Fix: Either (a) commit to a fixed sample and don’t look, or (b) use sequential/always-valid approaches that allow continuous monitoring without breaking inference.

2) Too-small samples (underpowered tests). Want to detect a small lift? You need big n. 80% power at 5% alpha remains a sensible default; plan it before launch.

3) Multiple changes at once. If Variant B bundles six edits, you won’t know which one moved the metric. Use single-change tests or a proper multivariate/DOE design with the sample it requires.

4) Broken randomization (SRM). A 50/50 test showing 55/45 is a Sample Ratio Mismatch (SRM)—a data-quality red flag, not “chance.” Investigate or invalidate.

5) Measuring the wrong thing. Vanity metrics (pageviews, followers) feel good but rarely guide decisions. Anchor on a North Star/output metric (revenue per visitor, paid activation, retained W(A)Us) with guardrails for performance and trust.

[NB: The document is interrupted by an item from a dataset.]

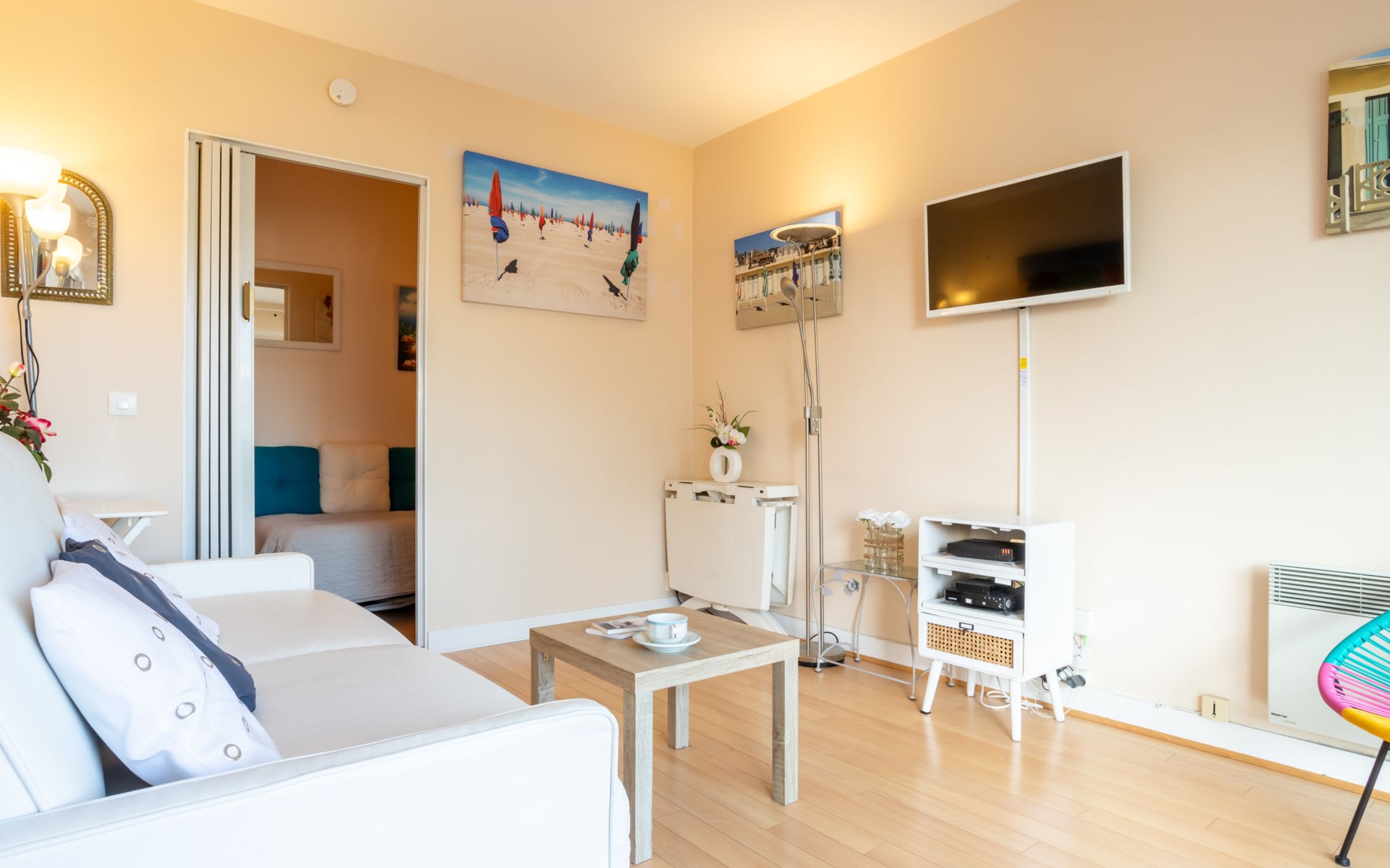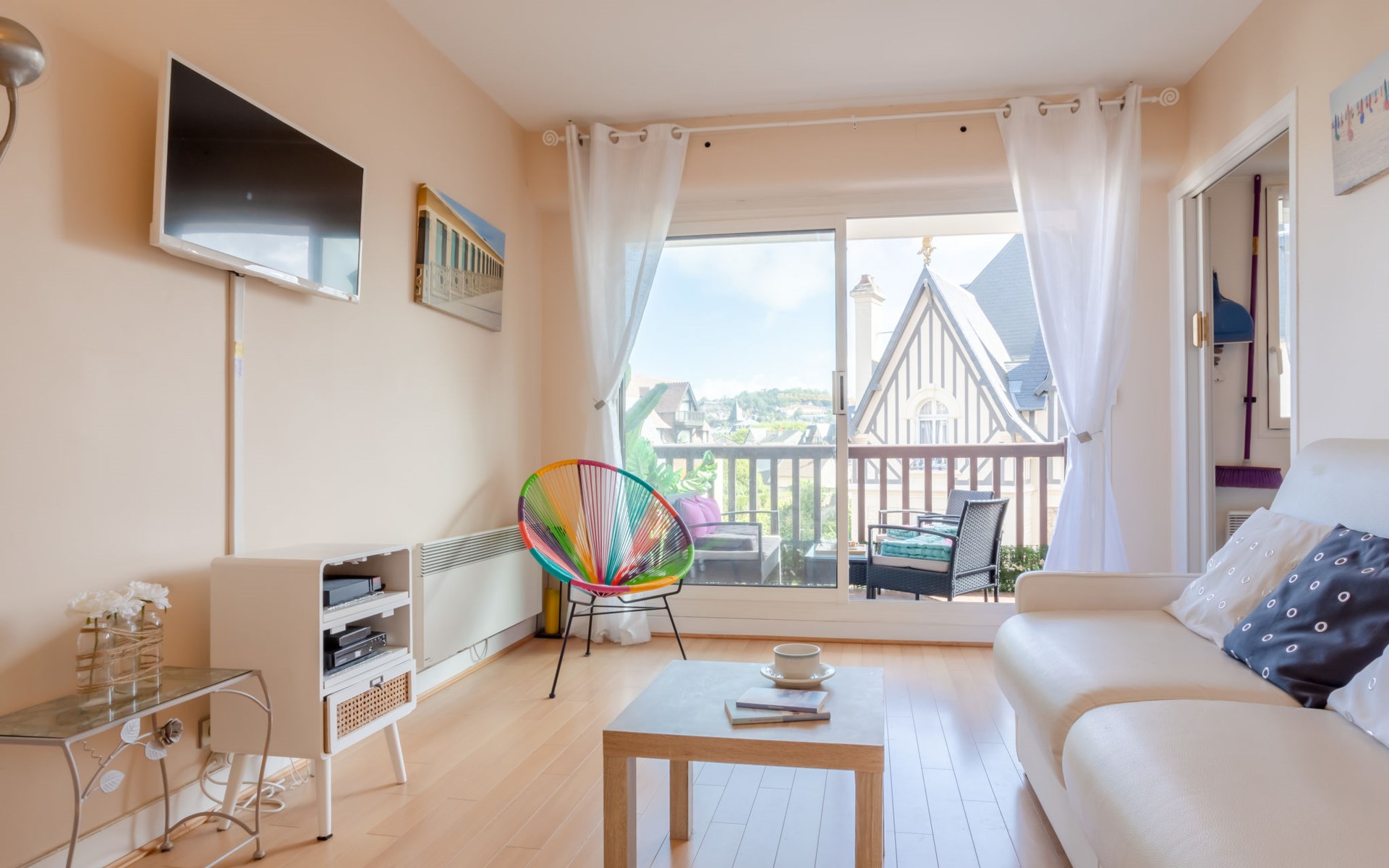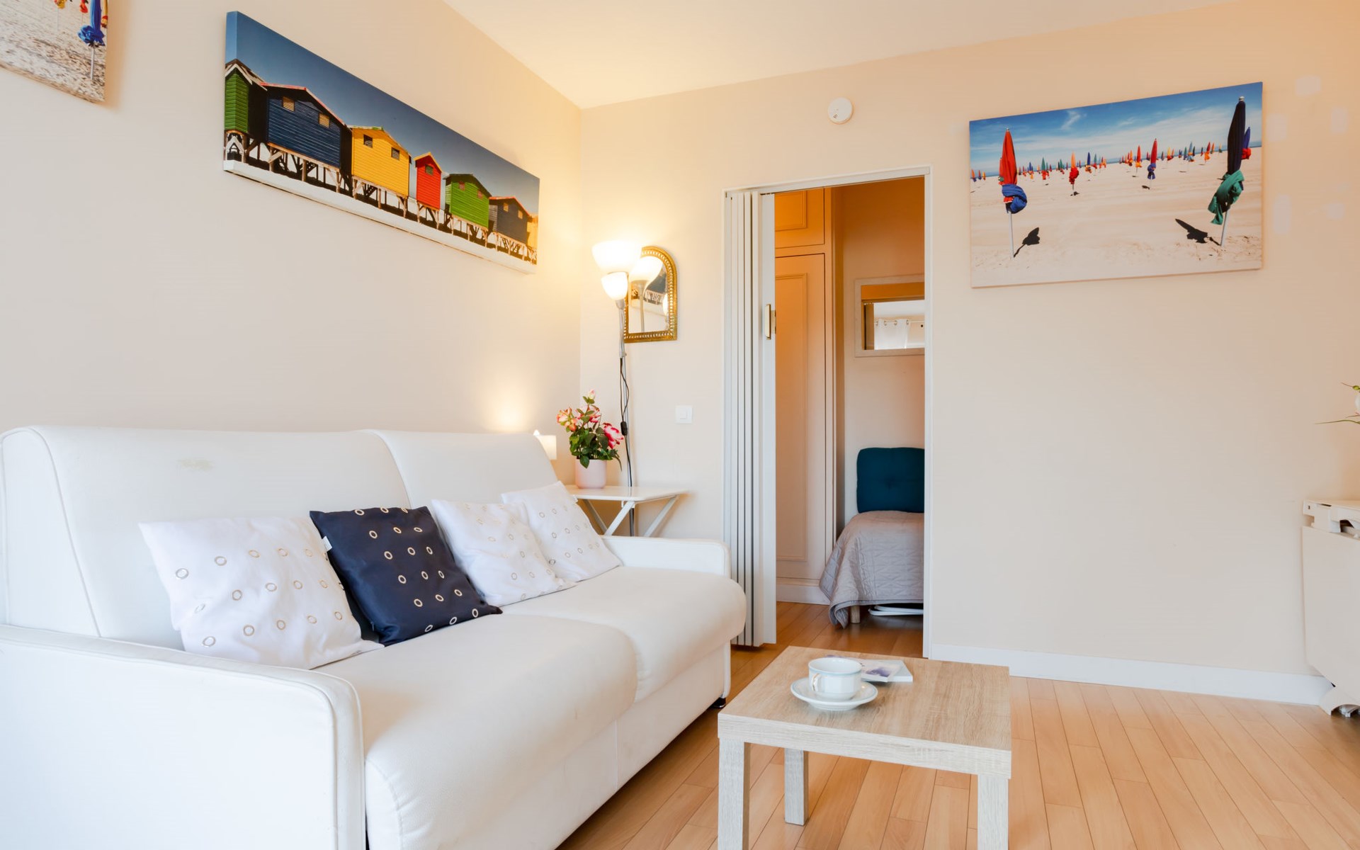 Deauville: Residence "Ascot", 3 storeys, terraced. In the resort, 350 m from the centre, in a quiet position, 1.4 km from the sea, 1.4 km from the beach, east facing position. In the complex: lift. (6 steps). Shop 350 m, supermarket 280 m, restaurant 100 m, bakery 60 m, 4 minute walk to the centre, bus stop "Gare routière" 500 m, railway station "Deauville-Trouville" 500 m, sandy beach "les planches de Deauville" 1.4 km, indoor swimming pool 1.1 km, thermal baths "thalasso de Deauville" 1.1 km. Golf course (18 hole) 3.7 km. Nearby attractions: casino de Deauville 1 km, hippodrome Deauville La Touques 1.2 km, Honfleur village normand 16 km, Mémorial de Caen 54 km, Arromanches plage du débarquement 80 km. The keys‘ handover takes place by the agency Interhome in Deauville.

The Scientific Method for Marketers

  • Hypothesis: “Because [insight], changing [thing] for [audience] will increase [metric] by [size] within [time].”
  • Control & treatment(s): Isolate a single meaningful change when possible; otherwise ensure your design can attribute effects.
  • Randomize + SRM checks: Monitor allocation continuously; fail fast on data quality.
  • Success & guardrails: Define the decision metric plus guardrails (latency, errors/crashes, unsubscribes/churn). Many “wins” are regressions without them.
  • Pre-register the analysis: Alpha/power, fixed vs sequential policy, exact metric formulas, handling of missing data and concurrent tests.

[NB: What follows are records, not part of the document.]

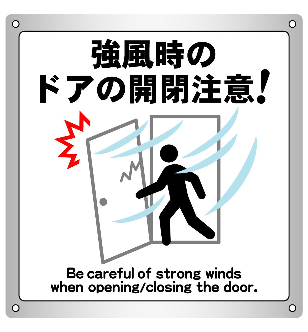 ボード・警告5・15.4×17cm・強風時のドアの開閉注意!
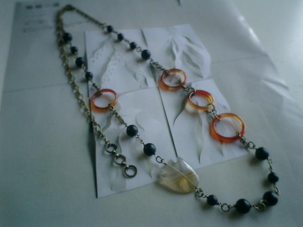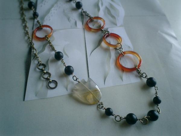 ニューヨーク・ニューヨーク!キュートなオニキスとお魚さんのネックレスを作りました♪ニューヨークモダンな雰囲気です♪♪オニキスは6ミリと8ミリのつやなし丸玉です。カーネリアンのリングとカーネリアンのお魚さんを合わせて個性的で可愛いです♪リングは19ミリから22ミリ位でお魚さんは24×20ミリ位です♪シックなお色で大人っぽい雰囲気です♪長さは全長74センチ位で調節自由です♪2連にしてチョーカー風にしてもブレスレットにしても可愛いです♪♪お揃いのブレスレットも出品予定です。ハンドメイドをご理解頂いてノークレーム、ノーリターンでお願いします
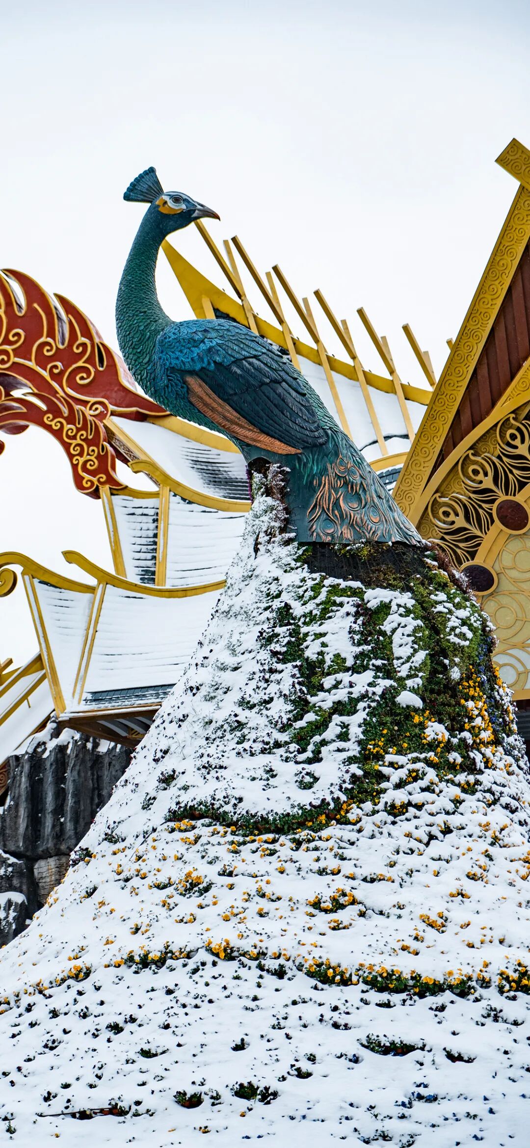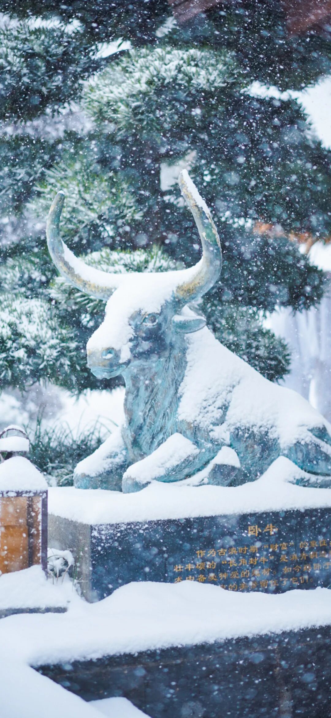 巧遇卧牛披雪,牛角茸茸,牛头粉面,白雪将青铜的肌理掩盖,平日威风凛凛的铜牛竟显露出几分久违的可爱。
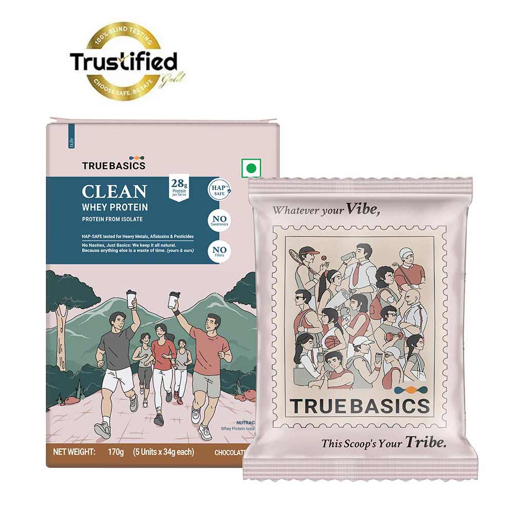 TrueBasics Clean Whey Protein (Isolate), 170 g (0.37 lb), Chocolate Pack of 5 (34 g x 5)
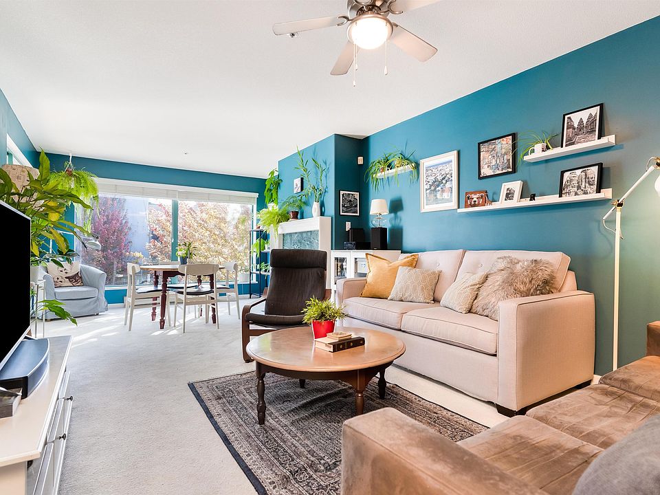 Welcome Home to Cartier Place; an exceptional location in the heart of Mount Pleasant at 16th and Main. Over 780 sqft of functional living space in this spacious 1 bed & den home. You'll love the cozy gas fireplace in the living room, in-suite laundry and partial mountain views. Primary suite is large w/ plenty of room for a king size bed. Den is bright & sunny with eastern exposure, perfect for your home office or nursery! Updated bathroom can be accessed from both the living & bedroom and there's tons of storage throughout. Unbeatable location steps to the best restaurants, groceries, the Mount Pleasant Community Centre, parks and transit. 1 parking & 1 storage included plus a common bike room. Our pleasure to show!
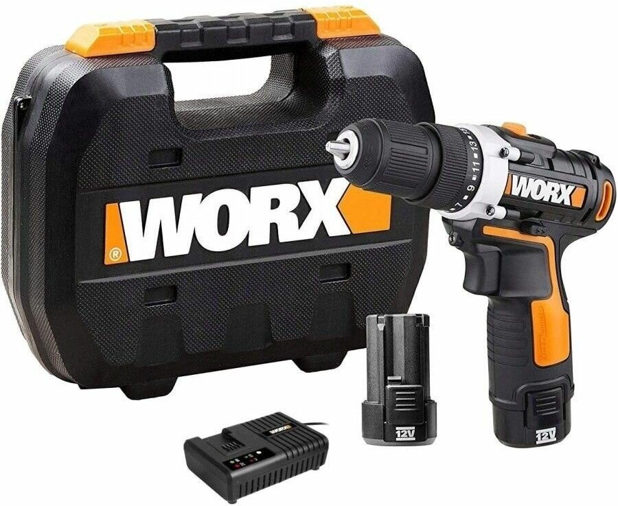 Аккумуляторная дрель-шуруповерт WORX WX128.3 12В - 2,0Ач х2, ЗУ 1,5А, с кейсом
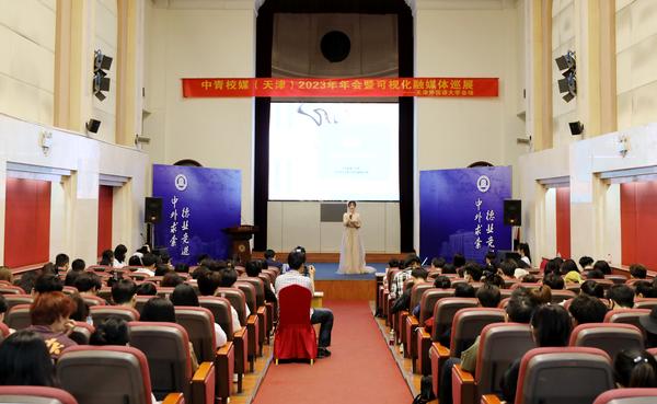 近日,中青校媒(天津)2023年年会暨可视化融媒体巡展在我校钟楼报告厅举行。中国青年报天津记者站胡春艳、团市委综合服务中心津彩青春杨冉冉、中国青年报中青校媒秘书处罗希,我校党委常委、党委宣传部部长陈占权应邀出席,中青校媒(天津)主席团成员及来自天津市52家高校校园媒体的近200名代表参加会议。

Sample Size & Significance—Made Simple

  • Power (80%) = chance you’ll detect your chosen MDE if it’s real.
  • Alpha (5%) = false-alarm rate you’re willing to accept.
    Smaller MDEs → larger samples; higher power → larger samples. Use a planner before launch.

Plan & peek the right way: If your culture needs fast reads, adopt sequential / always-valid tests. They let you monitor continuously while keeping error rates honest.

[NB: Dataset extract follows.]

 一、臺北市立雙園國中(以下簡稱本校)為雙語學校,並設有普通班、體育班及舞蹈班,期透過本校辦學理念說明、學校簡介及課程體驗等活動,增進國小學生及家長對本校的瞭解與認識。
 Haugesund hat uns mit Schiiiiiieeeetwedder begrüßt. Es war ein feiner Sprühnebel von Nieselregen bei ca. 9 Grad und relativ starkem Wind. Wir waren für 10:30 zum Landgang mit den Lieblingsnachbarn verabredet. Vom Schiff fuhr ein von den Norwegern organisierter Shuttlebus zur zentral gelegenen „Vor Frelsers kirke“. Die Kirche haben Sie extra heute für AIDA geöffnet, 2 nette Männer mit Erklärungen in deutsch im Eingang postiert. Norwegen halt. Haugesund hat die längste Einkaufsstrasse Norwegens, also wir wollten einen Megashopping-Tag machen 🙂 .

Get more signal with the same traffic: Variance-reduction (e.g., CUPED) leverages pre-experiment behavior to cut noise and detect smaller lifts sooner.

Tools you’ll actually use: Evan Miller’s sample size calculator for planning, and sequential procedures when you must look early.

Choosing the Right Metrics

  • North Star / output metrics reflect delivered value (e.g., revenue per visitor, activated paid accounts, retained weekly actives).
  • Input metrics (CTR, signup starts) are levers and diagnostics—not the win condition.
  • Guardrail metrics (latency, error/crash rate, churn) prevent Pyrrhic wins. Many “improvements” degrade reliability or trust.
  • Multiple simultaneous tests? Use false-discovery control (e.g., Benjamini–Hochberg FDR) so a spray-and-pray roadmap doesn’t mint fake wins.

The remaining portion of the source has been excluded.